FIG. 3 depicts a block diagram of an example property prediction system 300 according to an example embodiment of the present disclosure. Property prediction system 300 is similar to property prediction system 200 of FIG. 2, except property prediction system 300 further includes three initial predictions.

More specifically, the illustrated system 300 includes three initial predictions that are made before the overall property prediction 330 is generated. For example, the system 300 can make individual molecule predictions 310, mixture composition property predictions 322, and mixture interaction property predictions 324, all of which can be factored into the overall property prediction 330.

System 300 may begin by obtaining input data 310, which may include molecule data and mixture data that describes a mixture with a set of molecules. Input data can be processed by the first model to generate molecule-specific predictions 310, which in some implementations can be concentration-specific predictions. Concentration predictions 310 may be weighted based on the level of concentration, and predictions for various molecules may be pooled.

The output of the first model can then be processed by a second model 320, which can include two submodels. The first sub-model can process the data and output composition-specific property predictions 322 related to the overall composition of the mixture. The second sub-model can process the data and output interaction-specific property predictions 324 related to the predicted interactions of the mixture and/or the predicted external interactions.

The three initial predictions may be processed to generate an overall property prediction 330 based on each of the initial predictions to provide a better understanding of the mixture. For example, each individual molecule may have its own unique odor properties, but some molecular properties may be more common in certain compositions. Furthermore, the interaction properties of different molecules and sets of molecules can alter, enhance, or dilute certain odor characteristics. Each initial prediction thus provides insight into the overall mixture's odor, taste, etc.

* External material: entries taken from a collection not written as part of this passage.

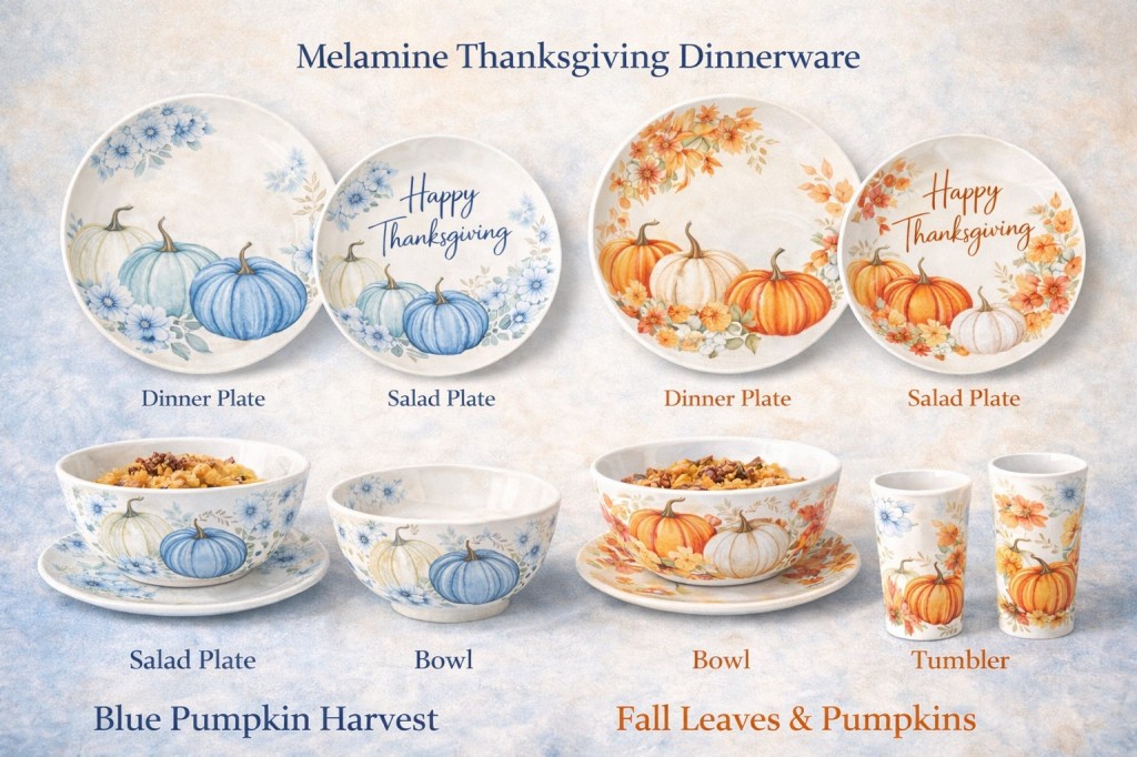Coordinated design across plates, bowls, and cups for a consistent Thanksgiving dining presentation.
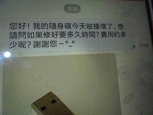 【送來檢修】ADATA威剛MY FLASH(精靈碟)PD1→1GB隨身碟插在電腦使用~不小心撞歪USB接頭導致無法讀取→上網搜尋找到我的維修經驗~要救回隨身碟裏所有工作檔案→下午17:02分以LINE傳送文字~新北市板橋區-楊小姐【詢問維修時間與維修費用】
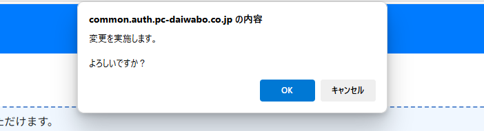 確認のポップアップが表示されますので、問題なければ「OK」ボタンをクリックします。
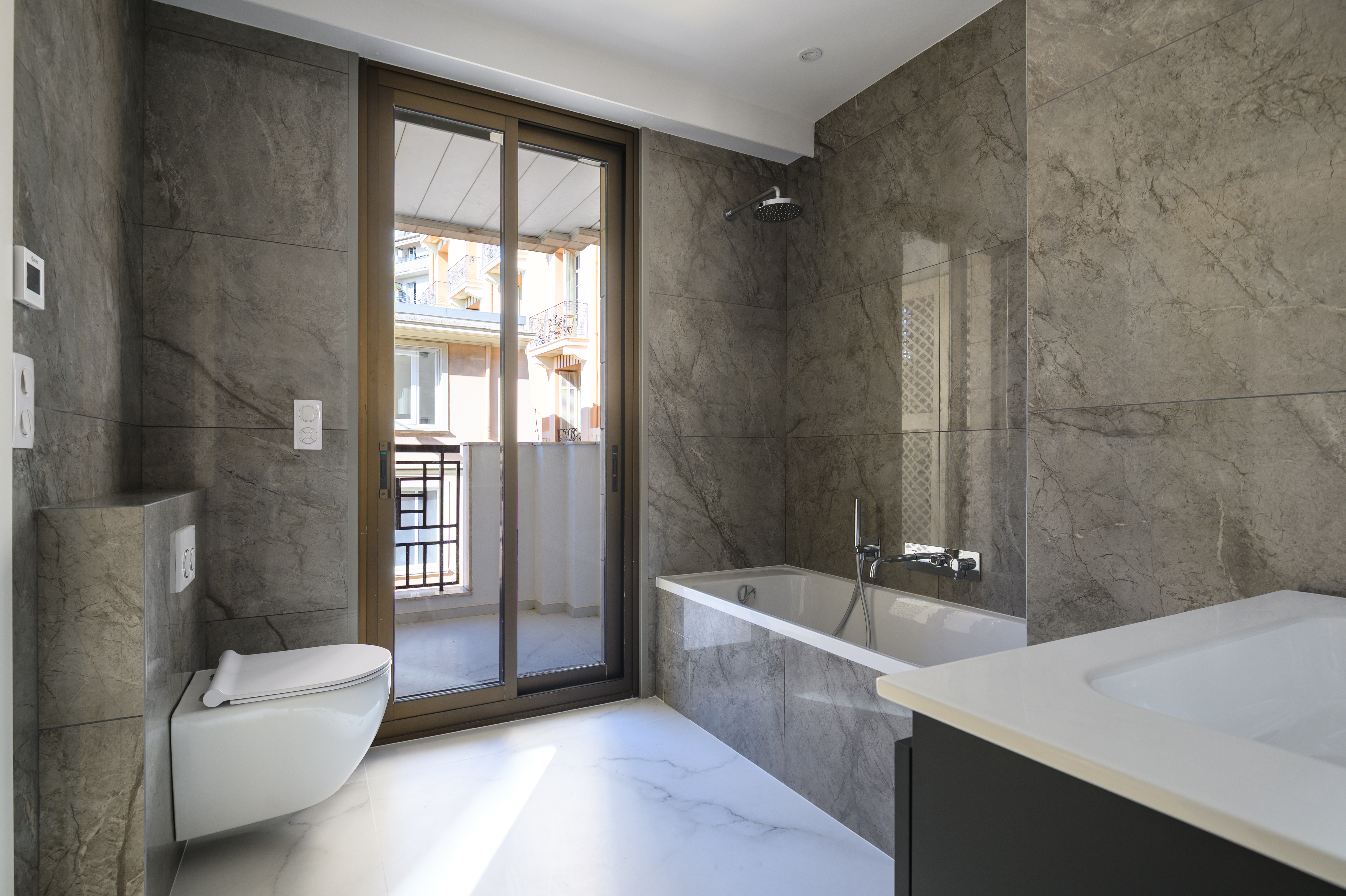 Dans un immeuble moderne du quartier de la Condamine, spacieux appartement de 4 pièces rénové avec terrasse.
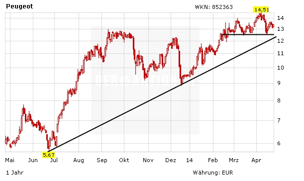 Während der DAX am Freitag schwächelt, kann die Aktie des französischen Autobauers Peugeot zulegen. Obwohl der starke Euro das Ergebnis zum Jahresstart bremste, ist die wachsende Nachfrage nach den Marken Peugeot und Citroen ein Indikator für die zunehmende Erholung des angeschlagenen PSA-Konzerns.
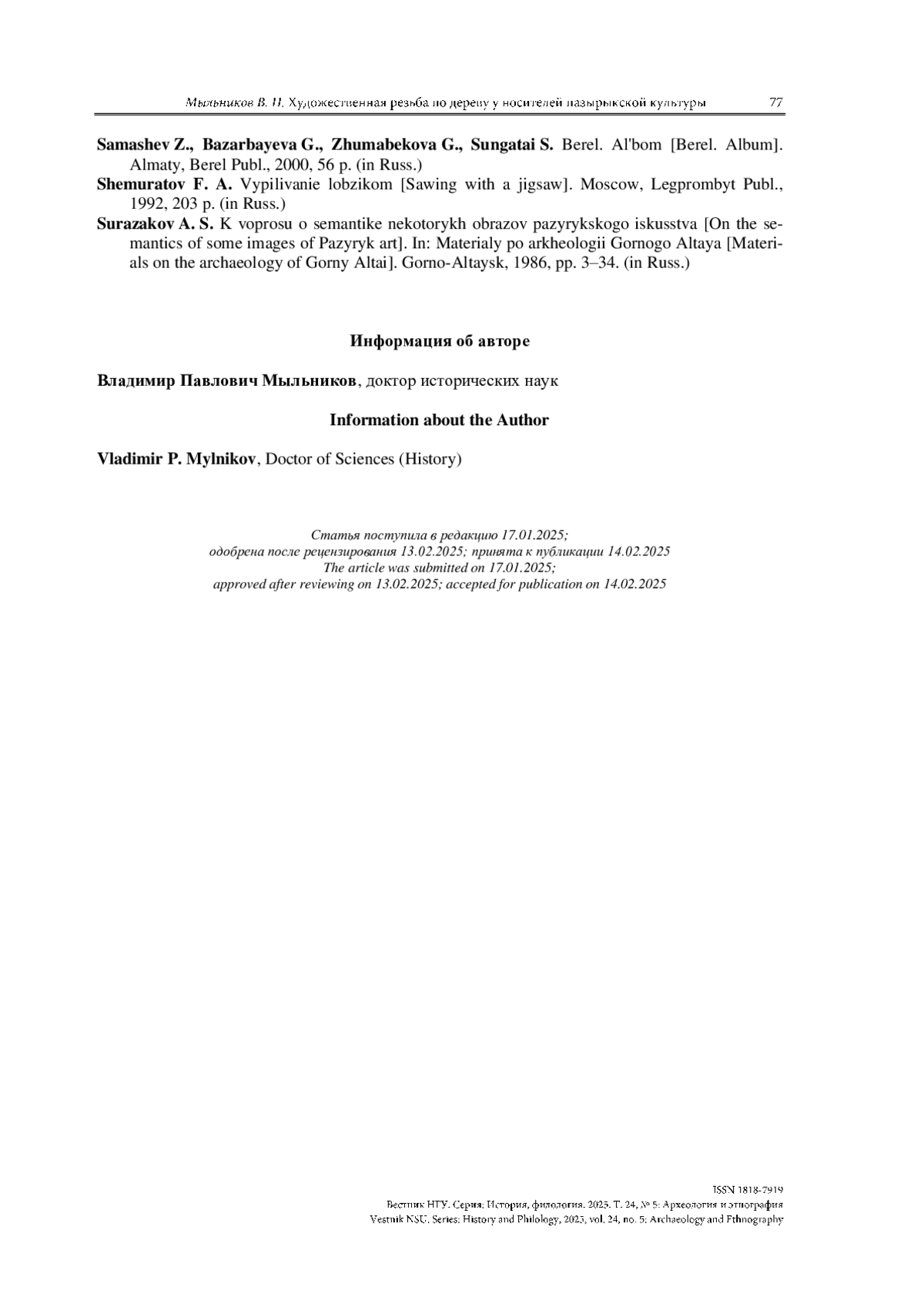 8. Мыльников В. П. Резьба по дереву в скифское время (Северная Азия). Новосибирск: Изд-во ИАЭТ СО РАН, 2011. 188 с.

FIG. 4 depicts a block diagram of an example property prediction request system 400 according to an example embodiment of the present disclosure. In some implementations, property prediction request system 400 is trained to receive a set of training data 442 and 444 that describes known properties of individual molecules and known properties of mixture interactions; As a result of receiving 442 and 444, one or more mixture property predictions are determined and stored. Accordingly, in some implementations, property prediction request system 400 can include a predictive computing system 402 operable to predict and store mixture properties.

The characteristic prediction request system 400 shown in FIG. 4 includes a prediction computing system 410, a requestor computing system 430, and a training computing system 440 that can communicate with each other to configure the overall system 400.

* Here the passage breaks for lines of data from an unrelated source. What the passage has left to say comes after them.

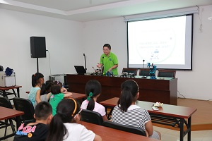 大学生给社区孩子上机器人科普课
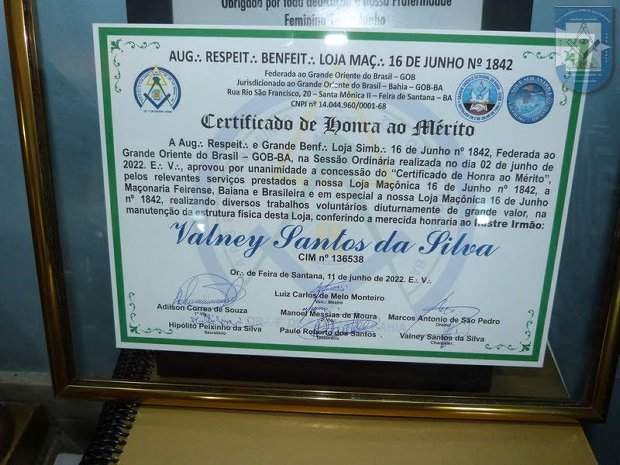Os Irmãos VALNEY SANTOS DA SILVA, NEI INOCENCIO e OSCIMAR TORRES, foram contemplados com um Diploma de Honra ao Mérito, conferido pela Loja.
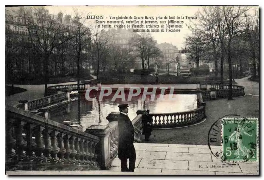Cartes postales Dijon vue generale de Square darcy prise du haut de la Terrasse Square monumental corbeilles et
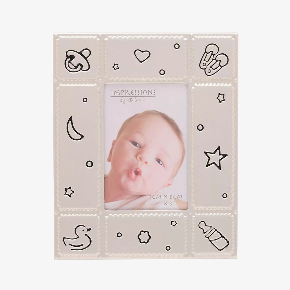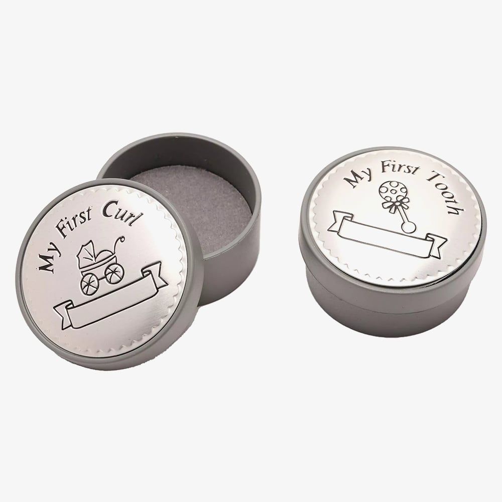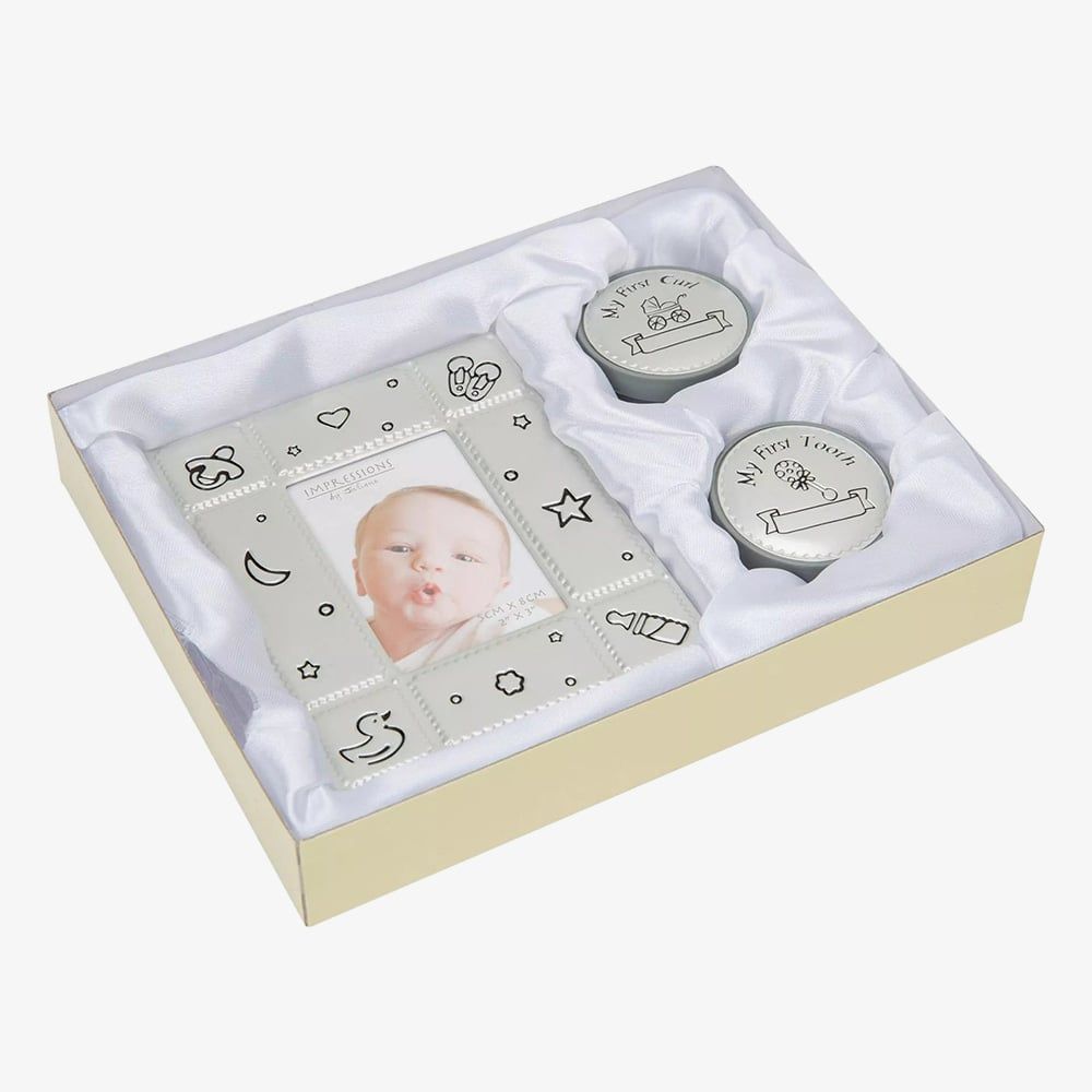 Cherish precious early memories with this delightful CELEBRATIONS® gift set, featuring a 2" x 3" photo frame and matching first tooth and first curl pots. Decorated with sweet baby icons, the frame makes a charming addition to any home. Beautifully presented in satin-lined packaging, it’s a thoughtful and sentimental gift for new parents.

In some implementations, the property prediction request system can rely on a trained predictive computing system 410 that can predict and store properties of mixtures to produce when later requested. Training predictive computing system 410 may include the use of training computing system 440, which can provide training data for training machine learned models 412 and 414 of predictive computing system 410. For example, the training computing system 440 may provide molecular training data 442 for training a first machine learned model (e.g., an embedded model) 412 and a second machine learned model (e.g., a deep neural network) 414. and mixture training data 444 for training. The training data can include known properties of various molecules, compositions, and interactions, and once the training data is received, it can be stored in the predictive computing system for later reference. In some implementations, the training data can include a labeled training dataset that can include known properties of a particular mixture to complete ground truth training of a machine learned model.

Additionally, predictive computing system 410 can store molecular data 416 and mixture data 418 for reference, retraining, or data centralization. Alternatively and/or additionally, molecular data 416 can be sampled to generate a database of mixture property predictions. Sampling may be random or may be influenced based on known molecular properties, molecular categories, and/or molecular abundances. Molecular data 416 and mixture data 418 may be processed by first machine learned model 410 and second machine learned model to generate mixture property predictions that are stored 420 by the prediction system.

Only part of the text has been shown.